Meksika yeni başkanını seçerken bu süreçte ülkedeki siyasi şiddet en önemli konu oldu. Şiddet kültürü siyasi tarihin şekillenmesinde en kritik mesele

Meksika: Tanrı’ya uzak ABD’ye yakın ülke

Ülkenin aslında hali pür melalini en iyi anlatan cümledir bu. Eski Meksika Başkanlarından birine aittir. Söz konusu Başkan’ın, makam odasının penceresinden uzaklara dalgın dalgın bakıp “Benim talihsiz ülkem Meksika. Tanrıya ne kadar uzak, Amerika’ya ne kadar yakınsın” dediği söylenir.

ABD ile ilişkileri hiçbir zaman çok sıcak olmadı bu ülkenin. Birçok kentini ABD istila edip kendisine mal etmiştir. Los Angeles tarihi olarak aslında Meksika’nındır bilindiği gibi. Meksika’dan ABD’ye hem uyuşturucu hem de yasadışı göçmen girdiği, buna Meksika hükümetinin göz yumduğu gerekçesiyle ABD’nin Meksika’ya yönelik son derece baskıcı bir politikası vardır. Bu kuşkusuz başka bir yazının konusu olabilir. Meksika günümüzde, çok uzun zamandır kendi içindeki şiddetle bilinir, anılır oldu. Her gün çok sayıda insan katli haberleri geliyor bu ülkeden.

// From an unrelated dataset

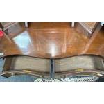 A VINTAGE console style table with two drawers and original key and brass ring-pull handles 82Hx90Wx44D cm approx - also included with this item is a vintage bi-folding dressing table mirror with bevelled-edge glass 88cm wide (when stretched out) x66H cm approx

Çok ama çok kanlı bir seçim süreci yaşadı Meksika. Geçen Eylül’de başlayıp dün sona eren seçim kampanyası sürecince 130 politikacı öldürüldü. Bu korkunç sürecin sonunda solcu aday Andres Manuel Lopez Obrador Devlet Başkanlığı’nı kazandı. Bu elli yıldır ülkeyi yöneten Kurumsal Devrim Partisi’nin (PRI) iktidarı kaybetmesi demek. Bakalım nasıl bir döneme giriyor Meksika.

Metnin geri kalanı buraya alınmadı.